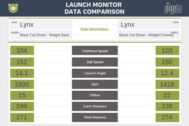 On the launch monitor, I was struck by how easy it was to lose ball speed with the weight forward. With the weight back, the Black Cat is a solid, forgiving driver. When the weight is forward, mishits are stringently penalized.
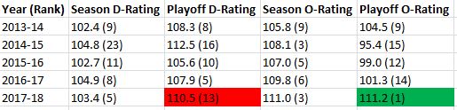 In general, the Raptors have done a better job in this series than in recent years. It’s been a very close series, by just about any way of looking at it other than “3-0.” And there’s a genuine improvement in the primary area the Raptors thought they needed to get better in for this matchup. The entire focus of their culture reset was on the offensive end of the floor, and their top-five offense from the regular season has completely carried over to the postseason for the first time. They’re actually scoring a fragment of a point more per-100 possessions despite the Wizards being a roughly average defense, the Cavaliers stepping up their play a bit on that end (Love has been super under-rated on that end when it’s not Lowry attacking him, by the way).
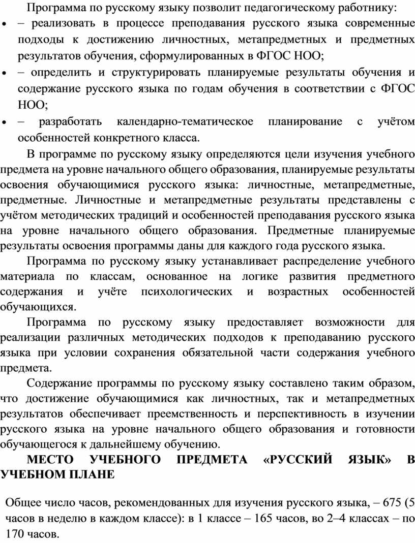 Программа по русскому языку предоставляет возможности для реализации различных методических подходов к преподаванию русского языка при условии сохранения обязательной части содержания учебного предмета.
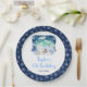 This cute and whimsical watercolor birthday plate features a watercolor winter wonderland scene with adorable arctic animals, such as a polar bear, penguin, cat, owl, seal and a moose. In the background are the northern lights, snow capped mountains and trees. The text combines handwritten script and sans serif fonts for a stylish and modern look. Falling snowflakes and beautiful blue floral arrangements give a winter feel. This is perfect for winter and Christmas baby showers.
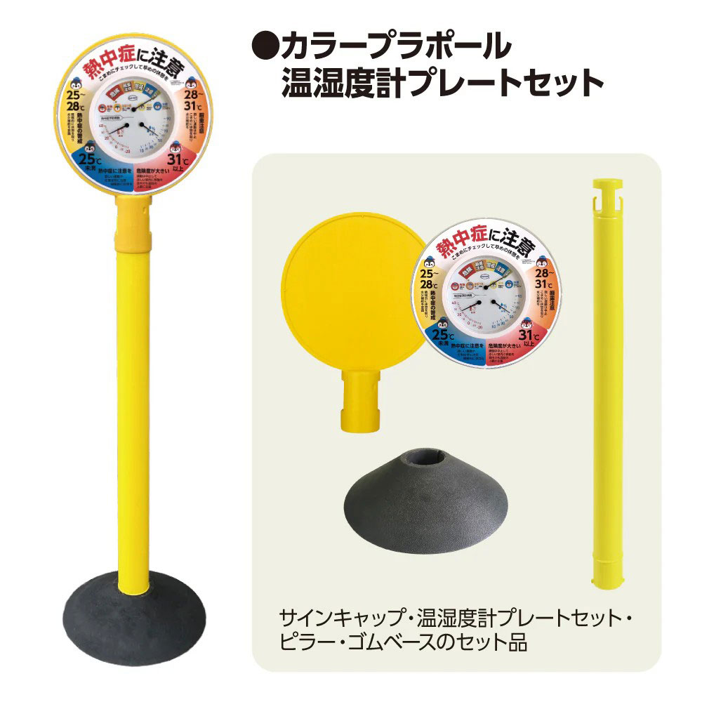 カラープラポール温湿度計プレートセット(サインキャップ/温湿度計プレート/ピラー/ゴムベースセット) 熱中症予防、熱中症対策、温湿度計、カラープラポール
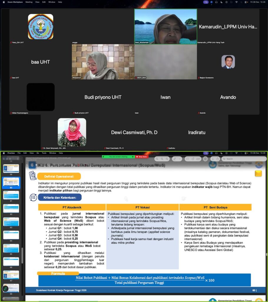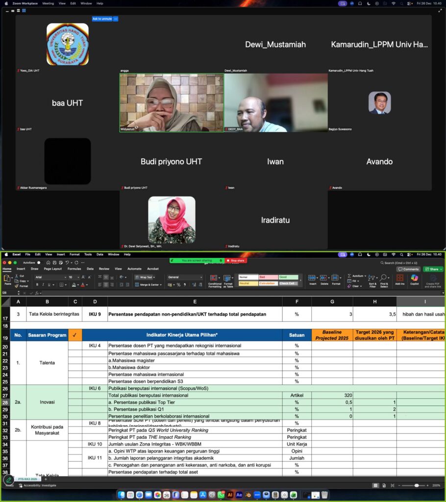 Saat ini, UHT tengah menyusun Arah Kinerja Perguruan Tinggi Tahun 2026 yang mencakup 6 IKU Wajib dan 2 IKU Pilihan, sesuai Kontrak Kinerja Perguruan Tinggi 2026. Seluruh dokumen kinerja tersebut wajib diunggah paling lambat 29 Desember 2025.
...
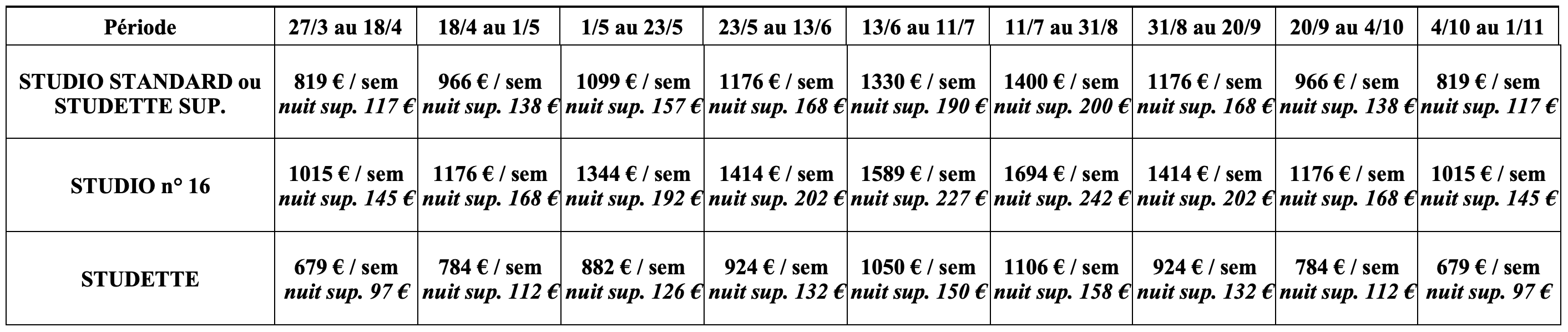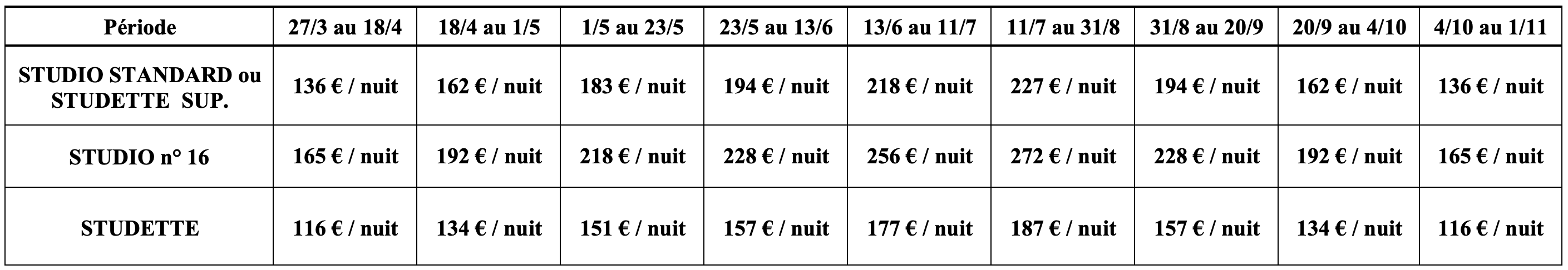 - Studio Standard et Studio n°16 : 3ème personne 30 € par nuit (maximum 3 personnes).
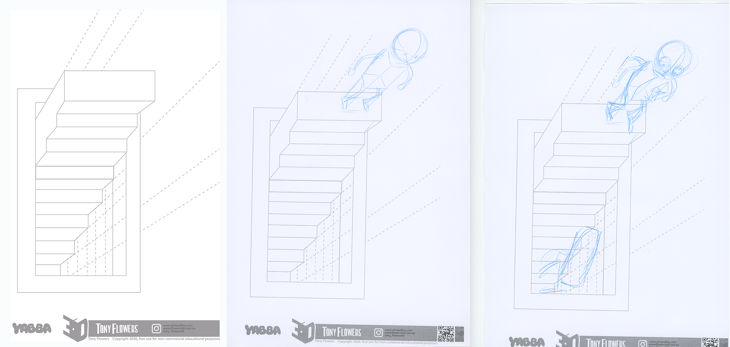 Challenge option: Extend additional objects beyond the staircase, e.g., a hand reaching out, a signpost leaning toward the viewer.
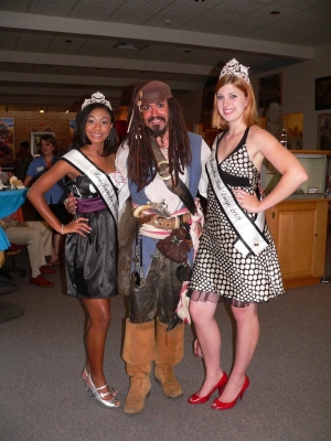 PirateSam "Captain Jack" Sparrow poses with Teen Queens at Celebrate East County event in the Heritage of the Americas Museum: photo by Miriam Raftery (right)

**What is needed**
Leaving pictures out, output the lines of the data above from the one with "Challenge option: Extend" through the one with "Miriam Raftery (right)", word for word.

**Result for this task**
 Challenge option: Extend additional objects beyond the staircase, e.g., a hand reaching out, a signpost leaning toward the viewer.
 PirateSam "Captain Jack" Sparrow poses with Teen Queens at Celebrate East County event in the Heritage of the Americas Museum: photo by Miriam Raftery (right)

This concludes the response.